### [EXTRACTED INFORMATION]
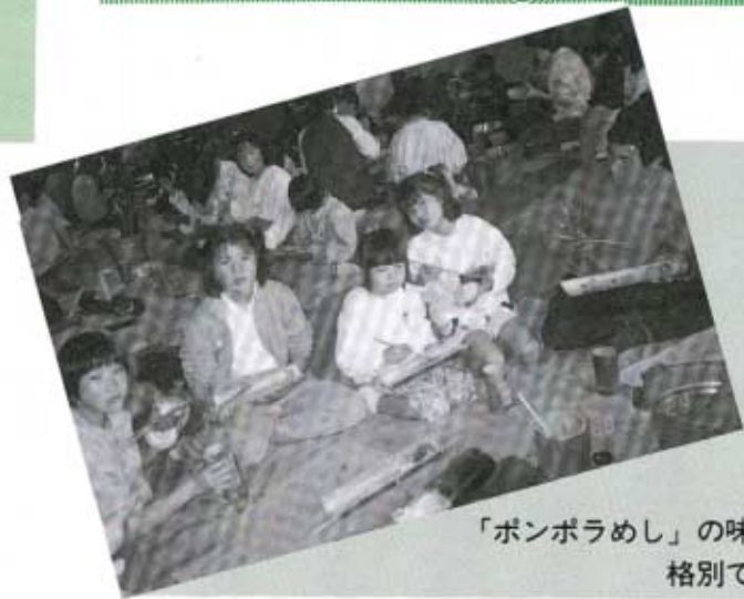
「ボンボラめし」の味は格別です

恒例の石城山家族のつどい大会を四月二十九日(天皇誕生日)に大和町の石城山青少年宿泊訓練所で行いました。 当日は、雨天であるにもかかわらず百三十人の参加があり、バス二台に分乗して出発しました。 ボンボラ炊飯やオリエンテーリングなどを通して、親子のふれあいを深めることができました。この日の様子を作文で紹介します。
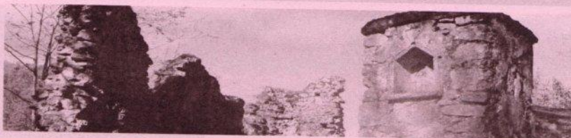
Ruines du Château-Fort de Clermont
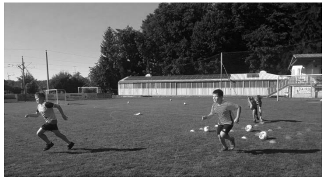
Fußball (ASV Raika Behamberg-Haidershofen)
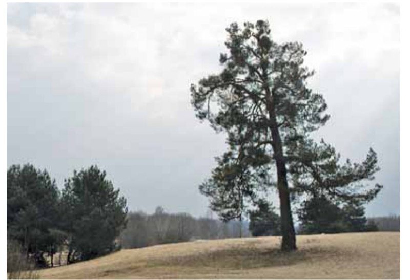
Stara sosna dla mieszkańców jest nieodłącznym elementem krajobrazu Górek Szymona

na, będąca symbolem Górek Szymona, jest cała porośnięta jemiolą, co rokuje rychły jej koniec. Myślę, że usunięcie jemioli przyczyniłoby się do uratowania wiekowej sosny tak charakterystycznej dla Zalesia.
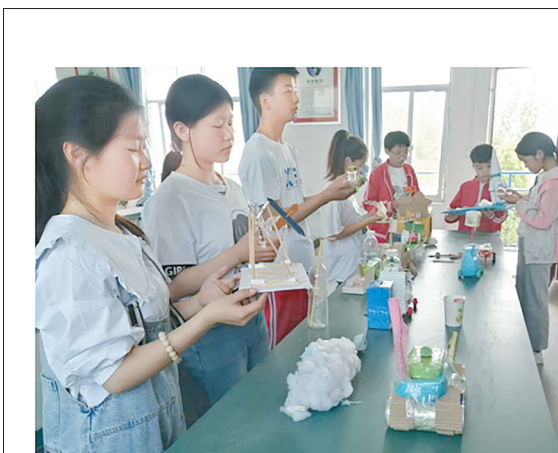
4月17日,青年镇前谢小学开展科技小制作展评活动。
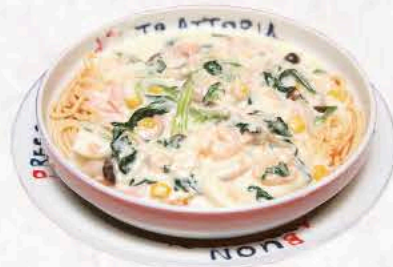
スペシャル(ミックス)
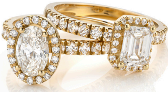
Ring Hazel & Michelle € 2529,- p.s.
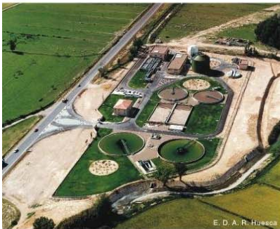
■ ESTACIÓN DEPURADORA DE AGUAS RESIDUALES DE HUESCA
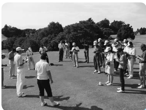
ルール説明を聞く
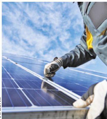
Zostaną zamontowane pompy ciepła, systemy fotowoltaiczne wraz z magazynami energii, kolektory słoneczne i podgrzewacze wody

W ramach projektu zamontowane zostaną pompy ciepła, systemy fotowoltaiczne wraz z magazynami energii, kolektory słoneczne i podgrzewacze wody. Oprócz tego mają pojawić się
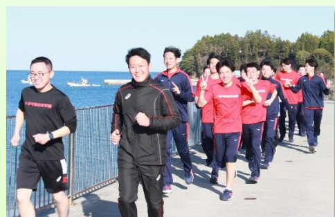
ランニングして気分をリフレッシュ！ 1日の訓練を終えます。
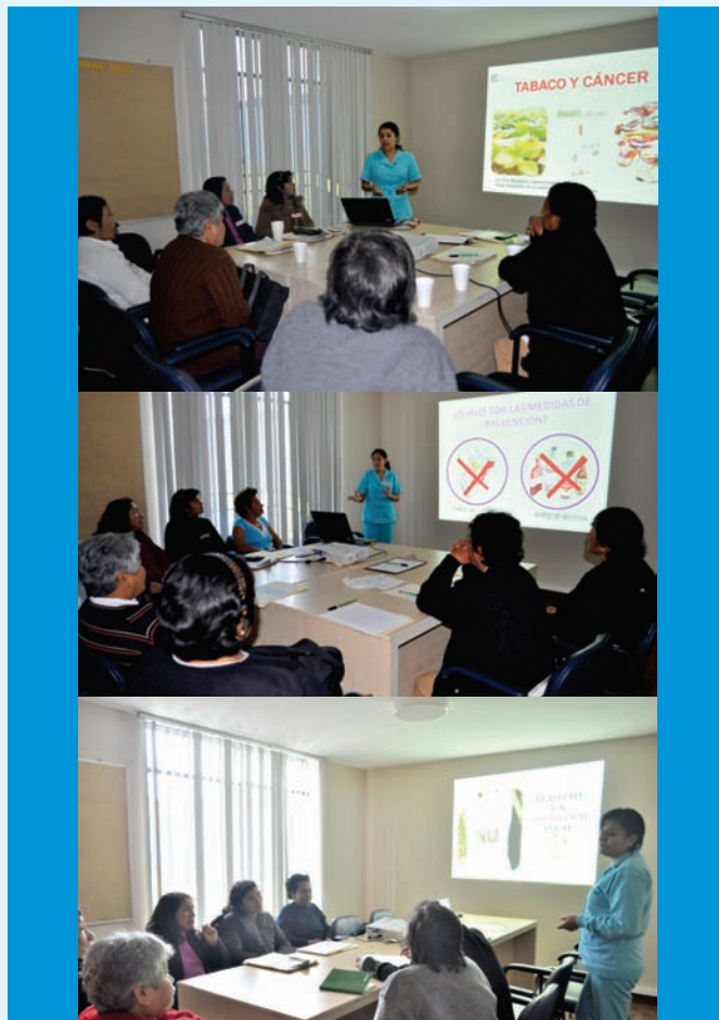
Personal de Enfermería del Servicio de Promoción de la Salud, capacitando a los promotores de salud en diversos temas de prevención del cáncer

Los promotores de salud son personas líderes de su comunidad que se capacitan para promover conductas de autocuidado, educación preventiva-promocional, actividades organizativas y de información necesaria sobre temáticas vinculadas a la salud, convirtiéndose en el nexo entre la comunidad y el equipo de salud, desempeñándose como agentes multiplicadores.

### [AIM OF THE EXERCISE]
Without any pictures, write out the lines running from the one containing "Ruines du Château-Fort de Clermont" through the end of the listing above, both included, exactly as given.

### [EXERCISE ANSWER]
Ruines du Château-Fort de Clermont
Fußball (ASV Raika Behamberg-Haidershofen)
Stara sosna dla mieszkańców jest nieodłącznym elementem krajobrazu Górek Szymona

na, będąca symbolem Górek Szymona, jest cała porośnięta jemiolą, co rokuje rychły jej koniec. Myślę, że usunięcie jemioli przyczyniłoby się do uratowania wiekowej sosny tak charakterystycznej dla Zalesia.
4月17日,青年镇前谢小学开展科技小制作展评活动。
スペシャル(ミックス)
Ring Hazel & Michelle € 2529,- p.s.
■ ESTACIÓN DEPURADORA DE AGUAS RESIDUALES DE HUESCA
ルール説明を聞く
Zostaną zamontowane pompy ciepła, systemy fotowoltaiczne wraz z magazynami energii, kolektory słoneczne i podgrzewacze wody

W ramach projektu zamontowane zostaną pompy ciepła, systemy fotowoltaiczne wraz z magazynami energii, kolektory słoneczne i podgrzewacze wody. Oprócz tego mają pojawić się
ランニングして気分をリフレッシュ！ 1日の訓練を終えます。
Personal de Enfermería del Servicio de Promoción de la Salud, capacitando a los promotores de salud en diversos temas de prevención del cáncer

Los promotores de salud son personas líderes de su comunidad que se capacitan para promover conductas de autocuidado, educación preventiva-promocional, actividades organizativas y de información necesaria sobre temáticas vinculadas a la salud, convirtiéndose en el nexo entre la comunidad y el equipo de salud, desempeñándose como agentes multiplicadores.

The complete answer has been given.